• Work to be completed: Give the listing again, word for word, and let no picture into it.

[Opening Given material section]

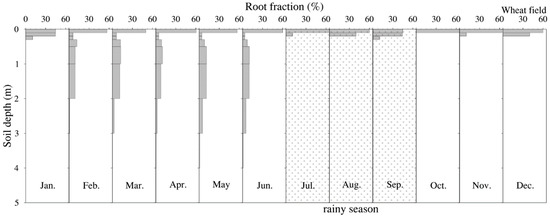 Monthly observed roots (biomass) of winter wheat in each soil layer (%) at different depths (m) (without roots under the 5 m depth).
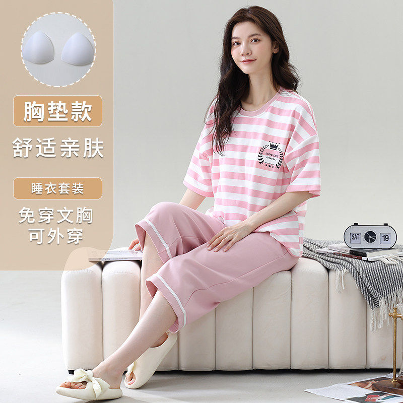 红豆带胸垫睡衣女夏季短袖七分裤卡通可外穿少女加大码宽松家居服
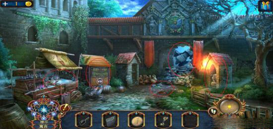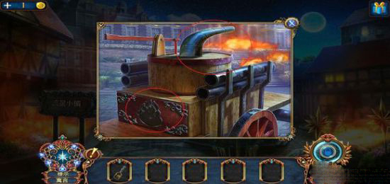 进入房子,右边壁炉捡起火的符号,用铲子铲灰,捡起框饰。左边地上,捡起火柴盒,小人。出门,在水车上用“火”打开柜子,得到

[Closing Given material section]

• Exercise answer:
 Monthly observed roots (biomass) of winter wheat in each soil layer (%) at different depths (m) (without roots under the 5 m depth).
 红豆带胸垫睡衣女夏季短袖七分裤卡通可外穿少女加大码宽松家居服
 进入房子,右边壁炉捡起火的符号,用铲子铲灰,捡起框饰。左边地上,捡起火柴盒,小人。出门,在水车上用“火”打开柜子,得到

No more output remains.